Entre las trasnacionales de maquinaria agrícola y las de semillas-agrotóxicos, existen contratos de colaboración y hasta empresas compartidas de base digital-instrumental (por ejemplo: Precisión Hawk, Raven, Sentera, Agribotix). Monsanto y Syngenta, destinaron en 2017 25% de sus inversiones en capital a la compra de alta tecnología, y se espera para 2018 esa inversión alcance el 50%.

En la actualidad la información es fuente de rentabilidad, la tecnología nos da la posibilidad de medir en cada pixel el rendimiento del presente y de 30 años atrás de imágenes satelitales, construir monitores de rendimiento y correlacionar datos de diferentes variables, tomando decisiones a partir de la información precisa, que permita hacer más eficiente el uso de insumos.
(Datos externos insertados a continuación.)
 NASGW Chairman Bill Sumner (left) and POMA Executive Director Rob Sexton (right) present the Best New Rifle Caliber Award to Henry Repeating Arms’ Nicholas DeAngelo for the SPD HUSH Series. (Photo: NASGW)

Una agricultura intensiva en insumos e intensiva en conocimiento es la agricultura moderna. Quienes dominen el conocimiento estratégico, son/serán parte de los que decidirán sobre la seguridad y soberanía alimentaria de la población mundial.

* Centro Latinoamericano de Investigación, Innovación y Desarrollo Agrario (CLIIDA), asociado al Centro Latinoamericano de Análisis Estratégico (CLAE, www.estrategia.la)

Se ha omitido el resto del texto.